CHROMATOGRAPHY BASED CHEMOMETRIC FINGERPRINTING, ISOLATION & QUALITY CONTROL OF PHYTOCHEMICALS
COLUMN CHROMATOGRAPHY [7,8,9]
Column chromatography efficiently separate and purify phytochemicals in laboratory as well as industrial scale without any elaborated instrumentation. Cold extraction of alkaloids, componential resolution of pigments such as chlorophyll & Xanthophyll, isolation and purification of amino acids & glycosides, determination of quinine and strychnine in elixirs are some of the phytochemical applications of this technique.
The Russian Botanist Mikhail Semyonovich Tsvet serendipitously discovered column chromatography while filtering petroleum ether extract of chlorophyll through a column packed with calcium carbonate. Principally, column chromatography is an analogues technique to that of thin layer chromatography, but differs from later in mode and direction of separation. In former technique phenomenon of separation takes place inside column towards the direction of gravity however same, but in a reverse manner is true for thin layer chromatography. Dimensions of chromatographic column, particle size of adsorbent, packing of chromatographic column, nature of solvent system employed for elution, temperature, solvent flow rate, run time of column, and quantity of sample are some of factors that affect overall resolution of this chromatographic procedure. In spite of expansive and tedious technique commercial utilization of column chromatography is none lesser than other techniques. Efficient handling of sample irrespective of its quantity and nature, availability of wide range of adsorbents, selection & recyclization of vast solvent system, sharp-end excellent purity of end product, and lesser space utilization are some of the edging points of this technique. On other hand consumption of greater quantity of mobile phase, complicated procedure, time consumption, need of technical hand, and higher cost of separated product are few tailing points of column chromatography.

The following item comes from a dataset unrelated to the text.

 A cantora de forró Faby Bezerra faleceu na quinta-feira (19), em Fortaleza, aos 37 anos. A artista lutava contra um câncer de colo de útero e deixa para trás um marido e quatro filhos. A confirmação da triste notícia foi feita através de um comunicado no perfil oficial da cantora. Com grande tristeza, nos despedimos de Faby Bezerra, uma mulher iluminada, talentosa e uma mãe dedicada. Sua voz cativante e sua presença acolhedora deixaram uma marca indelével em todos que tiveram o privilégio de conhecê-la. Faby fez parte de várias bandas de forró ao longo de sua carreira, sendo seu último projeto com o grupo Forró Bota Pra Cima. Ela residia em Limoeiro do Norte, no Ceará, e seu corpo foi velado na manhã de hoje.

|Calcium carbonate||Napthaquinones and Xanthophylls|
|Calcium silicate||Carbohydrates and their phenylosazones|
|Calcium sulphate||Lipids and steroids|
|Magnesium silicate||Esters, steroids, glycosides, lactones|
|Silica gel||Fatty acids, sterols, glycerides, amino acids, sugars etc|
|Dextran gel||Protein and nucleic acid|
|Charcoal & activated carbon||Sugar amino acid|
|Sucrose||Chlorophylls and xanthophylls|
|Polyethylene powder||Esters and fatty acid|
|Aluminum silicate||Sterols and glycosides|
|Aluminum oxide ore (Bauxite)||Ergot|
Table 02: Adsorbents and their role in phytochemical screening
HIGH PERFORMANCE LIQUID CHROMATOGRAPHY (HPLC)[7,8,9]
Csaba Horvath in 1964 at Yale University introduced “High performance liquid chromatography” which is nothing but a highly advanced automated form of column chromatography. In terms of procedural aspect HPLC is somewhat analogous to column chromatography however distinguished from later in instrumentation and mode of solvent percolation. Isolation & analysis of various phyto-ingredients such as cardiac glycosides, bioactive alkaloids, anthocynides, xanthines, caffines, isofavones, and tannins can be done profoundly by reverse phase HPLC employing C-18 column. On other hand ion exchange HPLC aids up in separation and analysis of polar and non-polar vitamins. HPLC in general makes use of narrower bored optimally packed stainless steel columns through which mobile phase forces under high pressure (1000-300psi) enhancing multidimensional efficiency of the system. Rather than this, small sample size, overall automation of technique, computerized data handling, automated sample loading, better resolution, consuming least quantity of solvents, efficient handling of wide range multi-component mixtures, rapid in process, non-destructive methodology, flexibility in procedure, and instrumentation portability are some of the extraordinary features of this technique.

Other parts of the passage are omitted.